Anche perché, come dice Cazzantonio, se un paccketto é masked allora quasi sicuramente ha dei malfunzionamenti (o, quantomeno, non ha nessuno che dice il contrario).

----------

## Cazzantonio

 *Ic3M4n wrote:*   

> ho preso quel "P.S. aggiungi [risolto] al titolo.... " come un "visto che è hard masked non è un problema che quel sw ti dia problemi", in effetti rileggendo il tutto non è proprio così.

 

No era solo che mi pareva che avesse risolto il problema quindi suggerivo di marchiare il topic "risolto"   :Laughing: 

----------

## Ic3M4n

 *Cazzantonio wrote:*   

> No era solo che mi pareva che avesse risolto il problema quindi suggerivo di marchiare il topic "risolto" 

 

beh... allora non posso che ri-scusarmi con te e chiedere scusa anche al forum per il casino fatto. a volte le parole scritte possono essere fraintese.

----------

## gutter

 *Onip wrote:*   

>  *Ic3M4n wrote:*   non mi sembra che sia il caso di essere così brutali. 
> 
> Io non ho notato tutto questo "bagno di sangue", ha semplicemente fatto un appunto IMHO giustissimo. Se si vogliono testare pachetti in qualche modo instabili (e se una cosa è hard-masked un motivo ci sarà) allora il posto in cui cercare non è qui, ma caso mai bugzilla.

 

@Ic3M4n: Onip e cazzantonio hanno perfettamente ragione dal momento che, come detto più volte, è spesso difficile fornire supporto per problemi derivanti da pacchetti in ~x86 e Hard-Masked dal momento che non è detto che li abbiamo installati anche noi  :Wink: 

Questo non significa che non se ne può parlare ma semplicemente che questo non è proprio il posto migliore. 
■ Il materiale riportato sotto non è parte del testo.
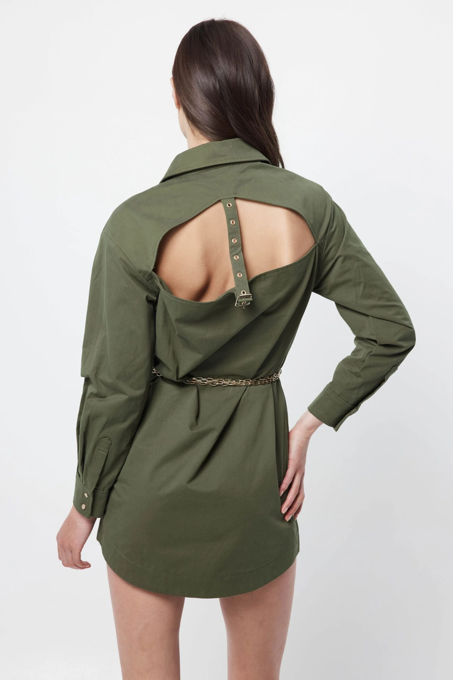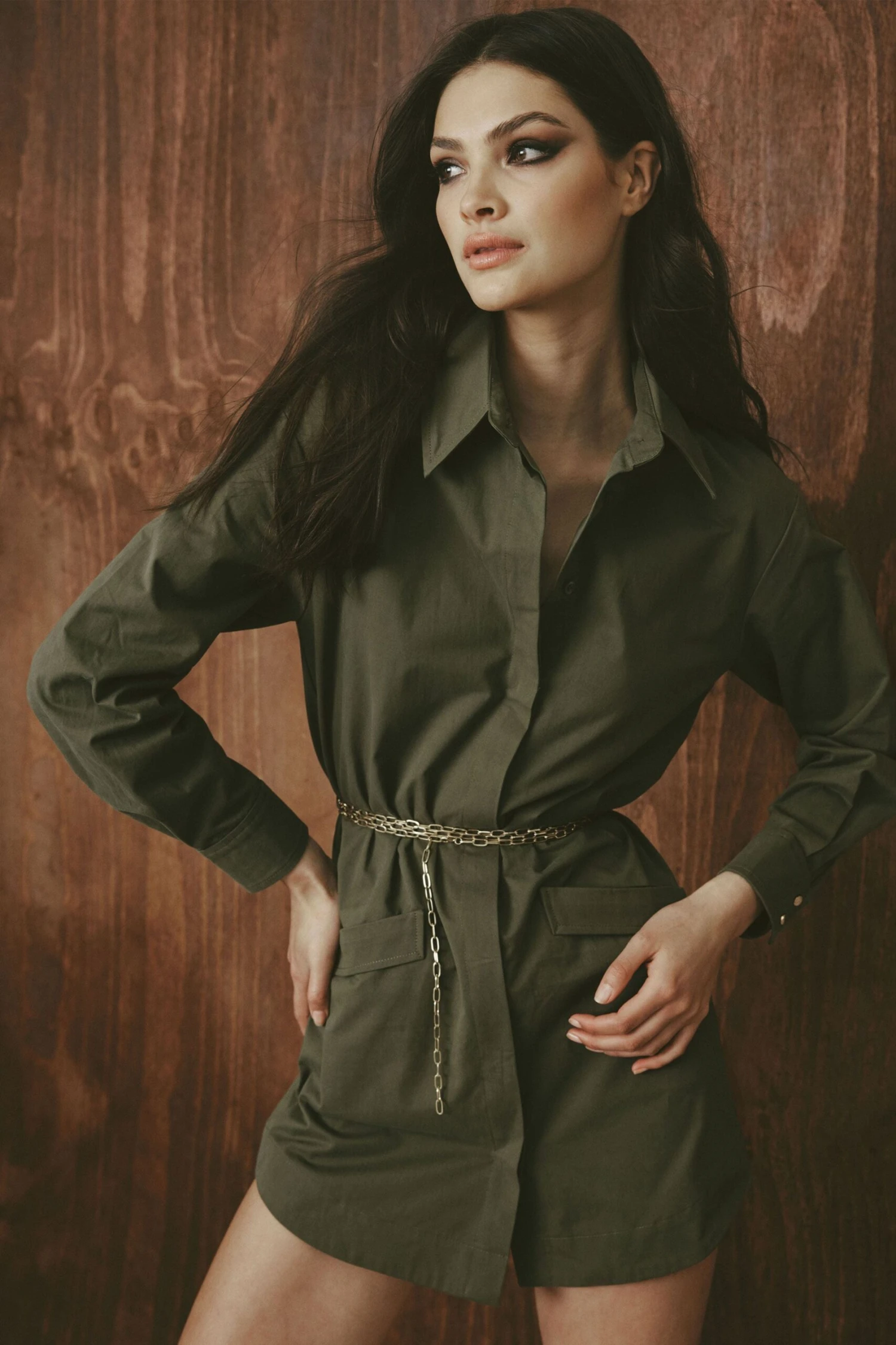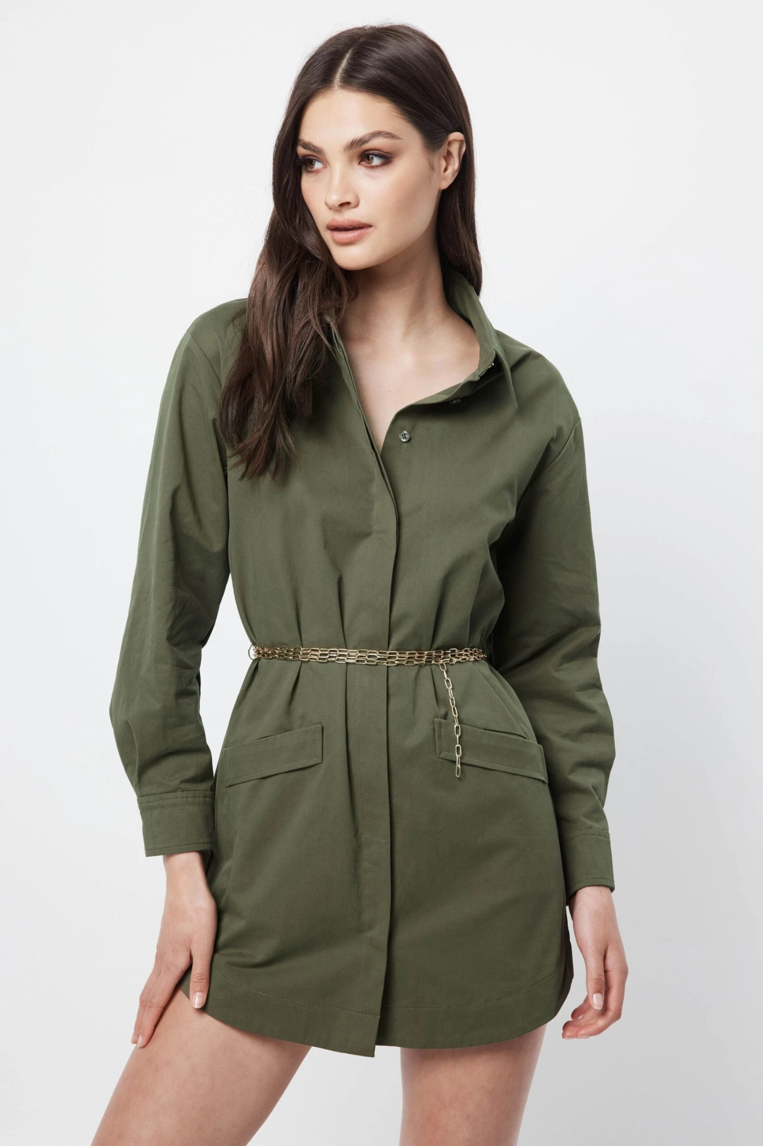 The Visionary Shirt Dress offers a contemporary balance between chic femininity and architectural design in our new Moss colour way. Emphasising a gold detailed waist feature, with two front waist pockets. This mini is designed to flatter the feminine frame and fit effortlessly into your wardrobe.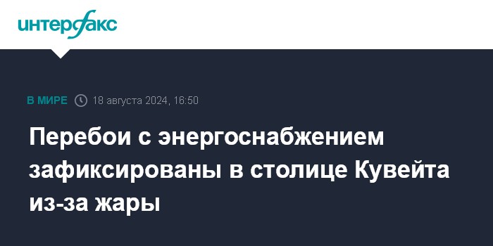 Москва. 18 августа. INTERFAX.RU - Власти Кувейта сообщили в воскресенье о перебоях с энергоснабжением в ряде спальных районов столицы страны Эль-Кувейта, информирует издающаяся в ОАЭ газета The National со ссылкой на кувейтское министерство энергетики.
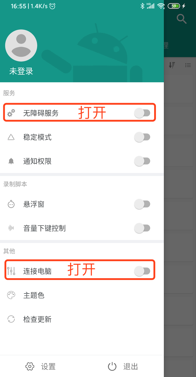 3. 手机端打开Autojs.apk,并且开启无障碍服务,点击连接电脑输入电脑IP进行连接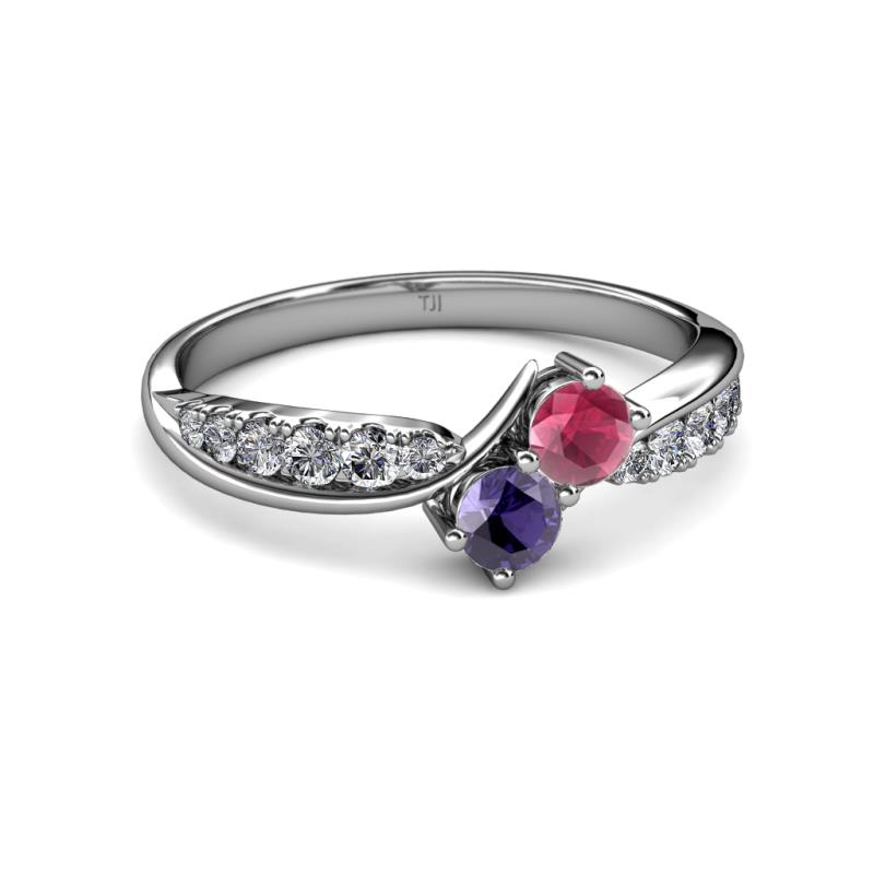 Rhodolite Garnet and Iolite 2 Stone with Side Diamonds Bypass Engagement Ring 0.82 ct tw in 14K White Gold. More Details ...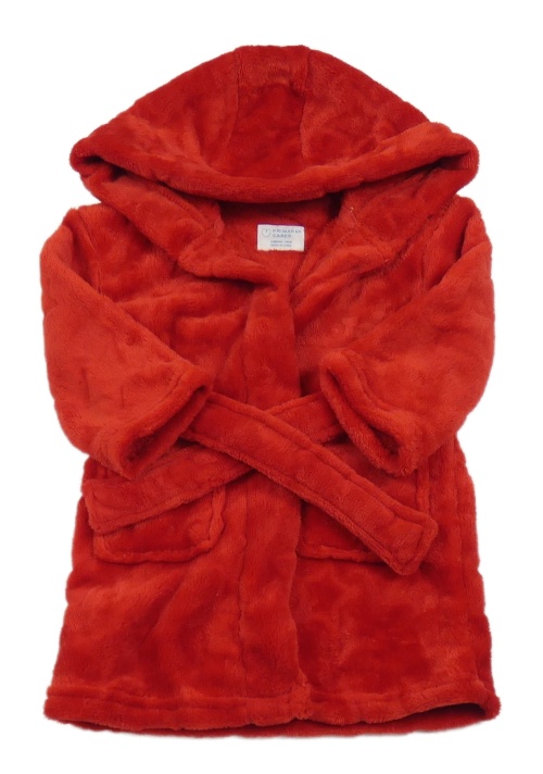 Červený chlupatý župan s páskem a kapucí Primark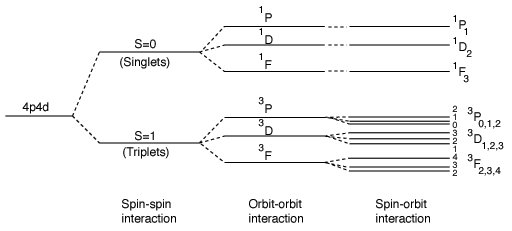 Influences on Atomic Energy Levels![]() Adapted from Leighton. Energies are not to scale. The labeling of the diagrams follows the scheme of the spectroscopic notation.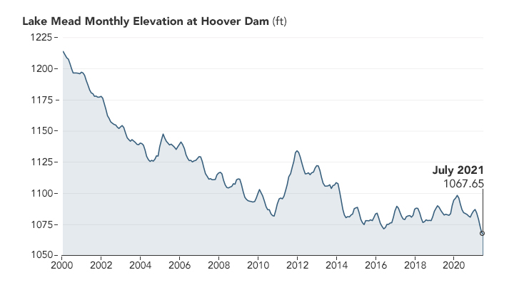 The lake elevation data below come from the U.S. Bureau of Reclamation, which manages Lake Mead, Lake Powell, and other portions of the Colorado River watershed. At the end of July 2021, the water elevation at the Hoover Dam was 1067.65 feet (325.4 meters) above sea level, the lowest since April 1937, when the lake was still being filled. The elevation at the end of July 2000—around the time of the Landsat 7 images above and below—was 1199.97 feet (365.8 meters).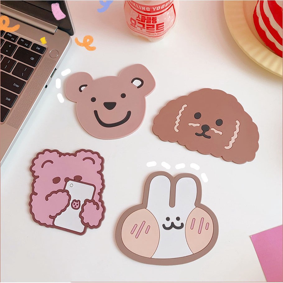 Rẻ Vô Địch Miếng Lót Cốc Silicone Chống Nóng Chống Trượt Để Bàn Hoạt Hình Gấu Thỏ Dễ Thương
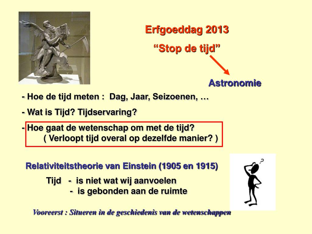 Erfgoeddag 2013 “Stop de tijd” Astronomie - Hoe de tijd meten : Dag, Jaar, Seizoenen, … - Wat is Tijd? Tijdservaring? - Hoe gaat de wetenschap om met de tijd? ( Verloopt tijd overal op dezelfde manier? ) Relativiteitstheorie van Einstein (1905 en 1915) Tijd - is niet wat wij aanvoelen - is gebonden aan de ruimte Vooreerst : Situeren in de geschiedenis van de wetenschappen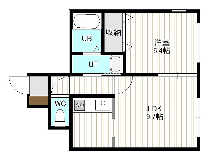 1LDK(36m²)└ 1階:LDK9.7帖 洋室5.4帖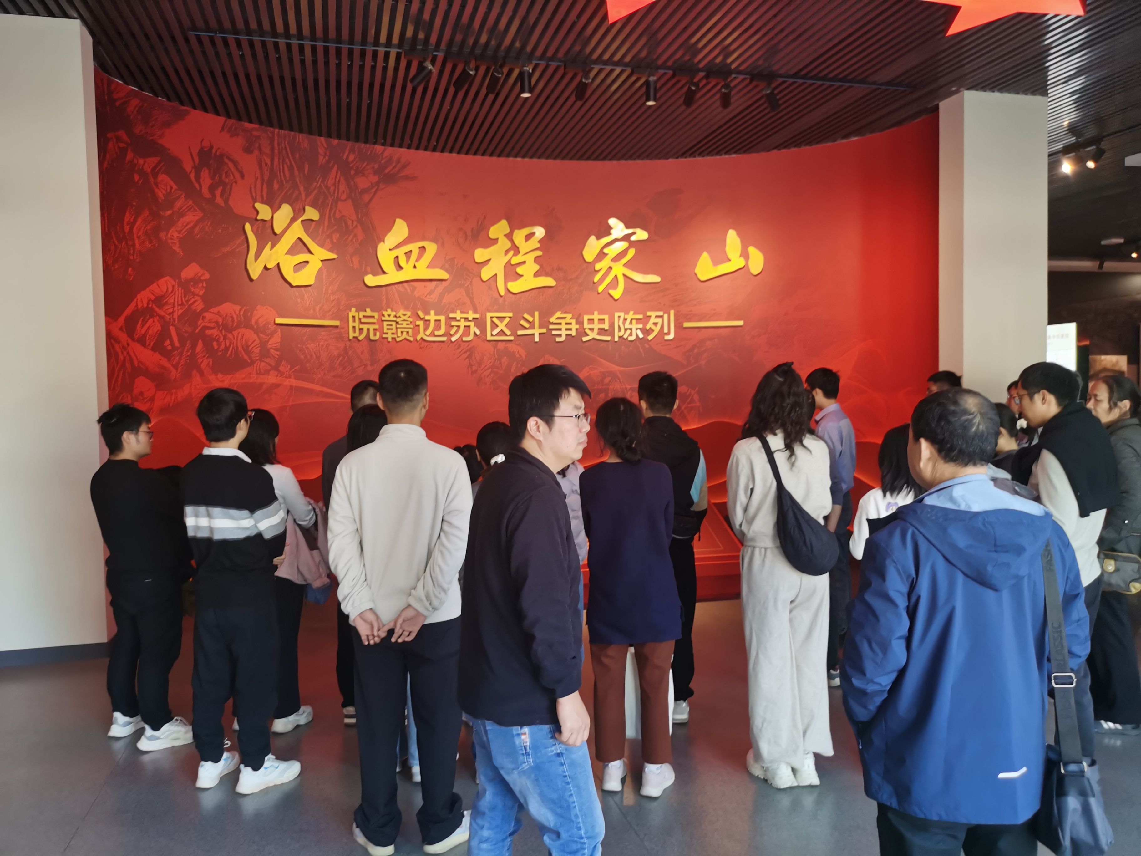 仪式结束后,队伍前往皖赣边苏区程家山历史展厅继续参观学习。第二次国内革命战争时期,党以程家山为中心建立了皖赣边新苏区,是闽浙皖赣革命根据地的重要组成部分。这里是闽浙赣省委领导下,以“方志敏式”工农武装割据思想创建起来的仅次于赣东北中心区和闽北苏区的第三块苏区。通过讲解员详细介绍,大家系统学习了皖赣边苏区的创建与发展历程,对这段波澜壮阔的革命历史有了更为全面和深刻的认识,从党的光辉历史中汲取了砥砺前行的强大力量。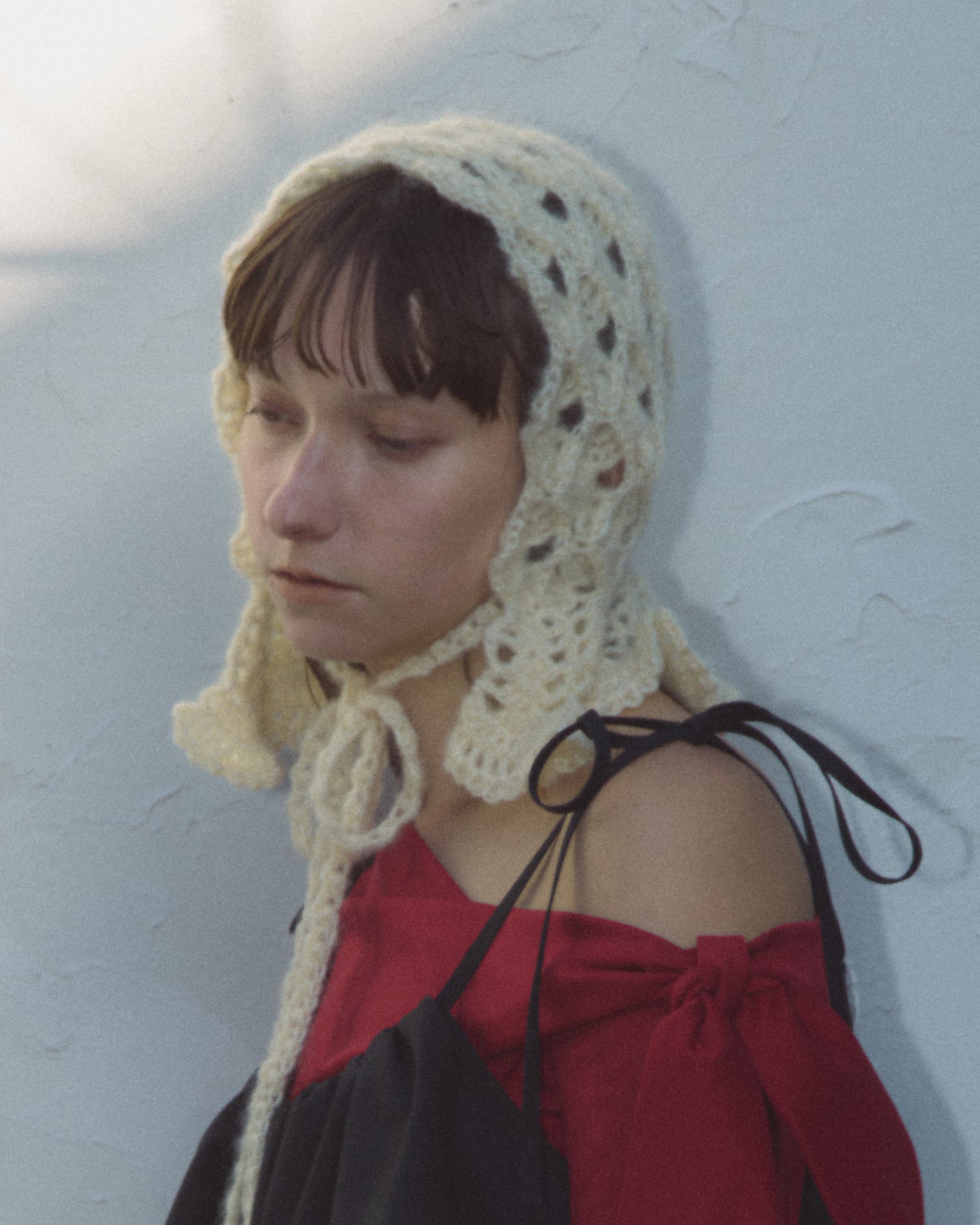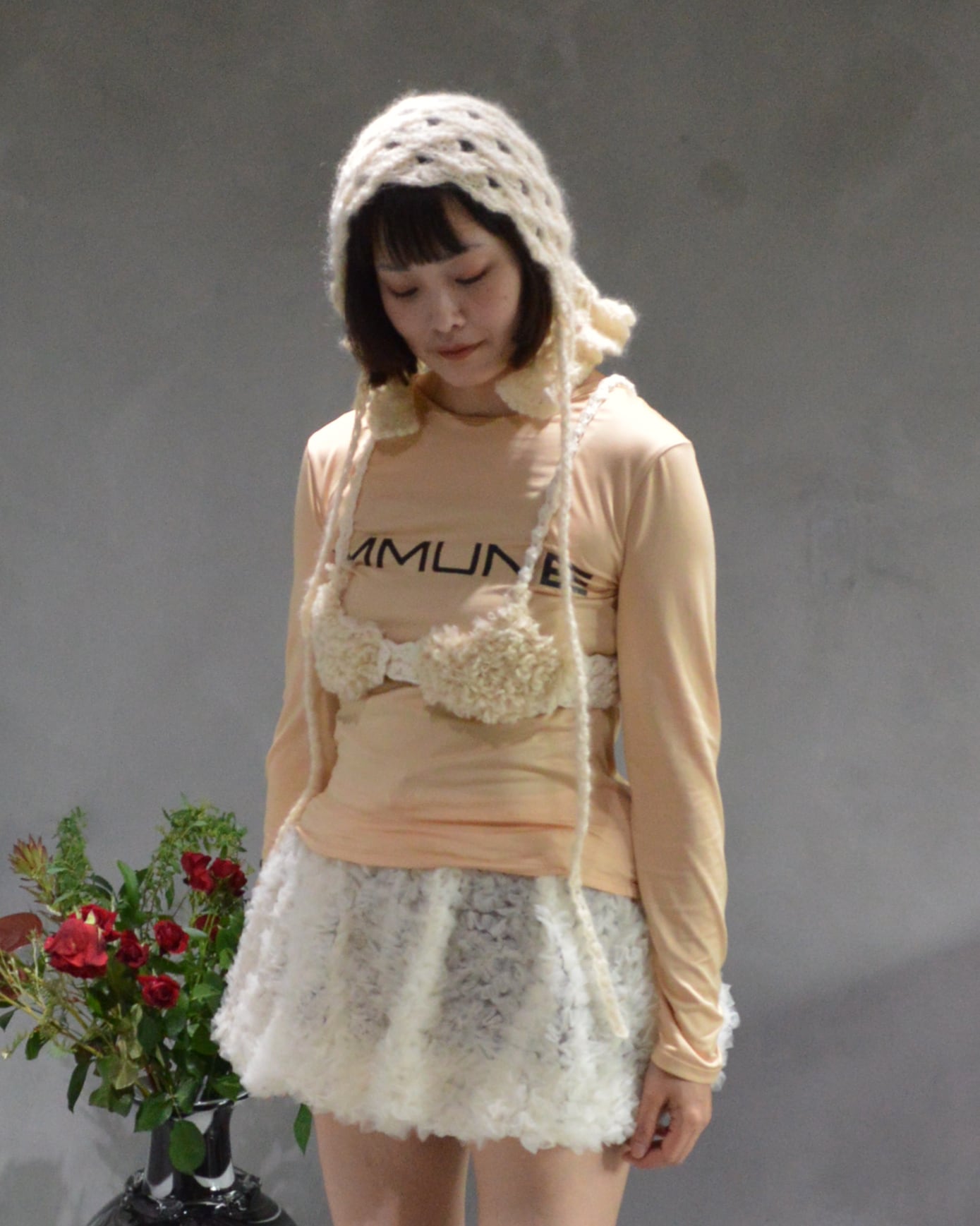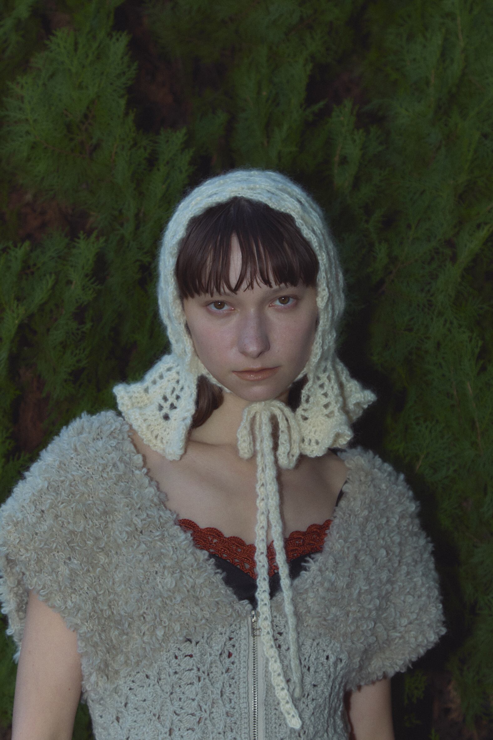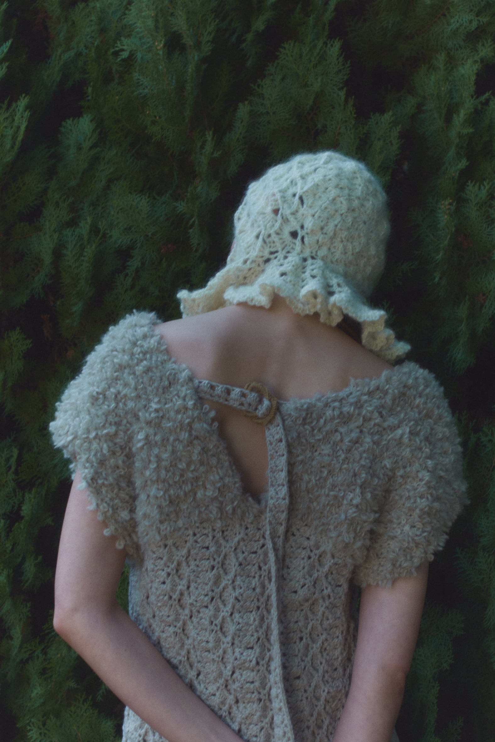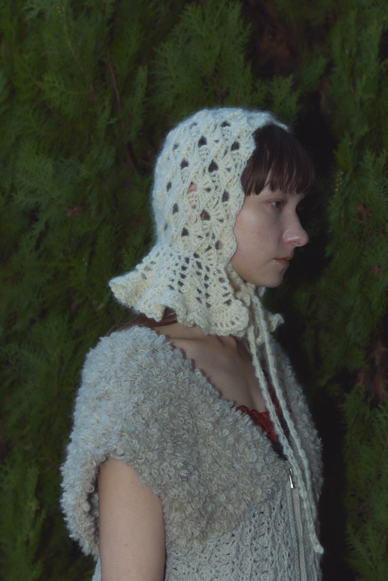 クロシェ編みで編まれたボンネットタイプのニットキャップ。 裾側のフリルパーツがポイントです。 キッドモヘヤのふわふわの糸で、全て手作業で編まれています。 KID MOHAIR-55% NYLON-30% WOOL-15% 306-NT-011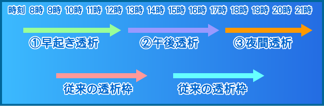 通常の午前透析➡通常の午後透析・夜間透析

Se un pacchetto è in ~ o HardMasked questo significa che il pacchetto non è ancora considerato perfettamente funzionante quindi lo sviluppatore che mantiene l'ebuild pensa che debba essere testato ancora un poco prima di essere rilasciato al grande pubblico. Ora dal momento che molti sviluppatori non seguono il forum in genere si ritiene che per fornire feedback sia più indicato bugs.gentoo.org.

----------